# Our first actual Schutzhund training :)



## e.rigby (May 28, 2011)

Stark (Mako vom Haus Rentz - German Shepherd Dog) and I went down to Charlotte, NC (about a 3 hour drive) for our first official club meeting. We learned how to start training in tracking, which today is our second day doing it alone and he seems to be doing well! 

I am completely new to this world, so I don't come with a lot of knowledge. The only thing I do know how to do is the Obedience portion! And in the two weeks I've been working with him, that's probably our best asset  He's learning to perfect his long down, his heel work is taking off in leaps and bounds, eventually we'll start work on sit, down, stand in motion.

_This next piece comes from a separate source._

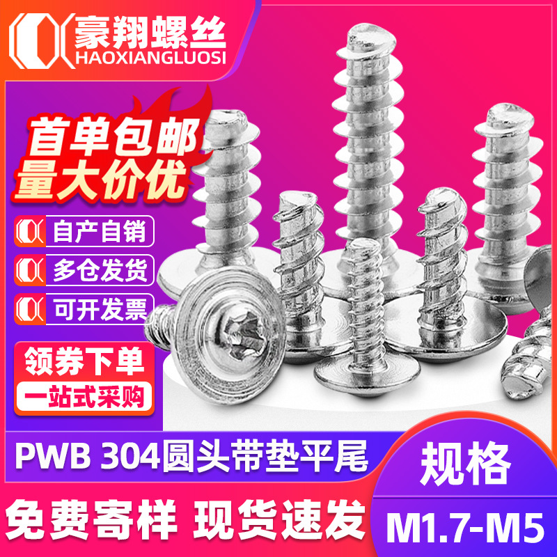 304 ステンレス鋼十字穴付き丸頭平尾セルフタッピングネジ PWB なべ頭パッド付きセルフタッピングネジ M2M3M4M5

I need to get video of his heel work  I was hoping for him to be showy and I think he just may be. I've also ordered Michael Ellis' "Focused Heeling" and I'll hopefully be getting it in the mail any day now!

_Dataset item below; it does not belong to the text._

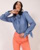 Avangardna košulja od puplina osmišljena je za žene koje ne prate trendove – one ih postavljaju. Autentični detalji, poput ruske kragne sa stilizovanim listovima i manžetni koje se vezuju u mašnu, čine je komadom koji nikoga ne ostavlja ravnodušnim. Kopča se dugmićima, a možeš je stilizovati uz klasičan jeans za moderan casual look, ili uz satenske pantalone kada želiš da zablistaš u večernjem izdanju. Originalnost zagarantovana.

So when we did the obedience part at the club on Saturday, I thought he did fairly well  I'm learning what is expected for competition and hopefully I'll be able to work him correctly!

Lastly was protection. He's only done bite work a handful of times. I was told he was much more confident today  so I figured I'd post the video that we took and see what you guys thought of him... he's 15 months old, I'd say this is probably his 3rd time really doing bite work. (of course, during the two weeks I've had him I've played and worked on increasing his toy drive, worked on his recall back to me when he has a toy (which he use to be horrible at!), and really worked on tugging with him!)

Anyway, here are a couple videos! 

MVI 7911 - YouTube

MVI 7917 - YouTube

He's not a barker  any advice on how to get a bark or two out of him other than frustrating him (which we're working on currently... it seems he will bark when I'm playing with the flirt pole and he can't play... so we're capitalizing on that and trying to mark the behavior and release him to the toy)


----------



## gmcwife1 (Apr 5, 2012)

Sounds like things went really well 

I can't watch the videos at work, but look forward to watching them tonight!


----------



## e.rigby (May 28, 2011)

For not knowing what to expect, I think we did very well  It's beginner stuff, compared to everyone else... but everyone else was very nice and accommodating


----------



## gagsd (Apr 24, 2003)

Looked nice!
As to barking.... maybe more experienced people will pipe up... but my $.02....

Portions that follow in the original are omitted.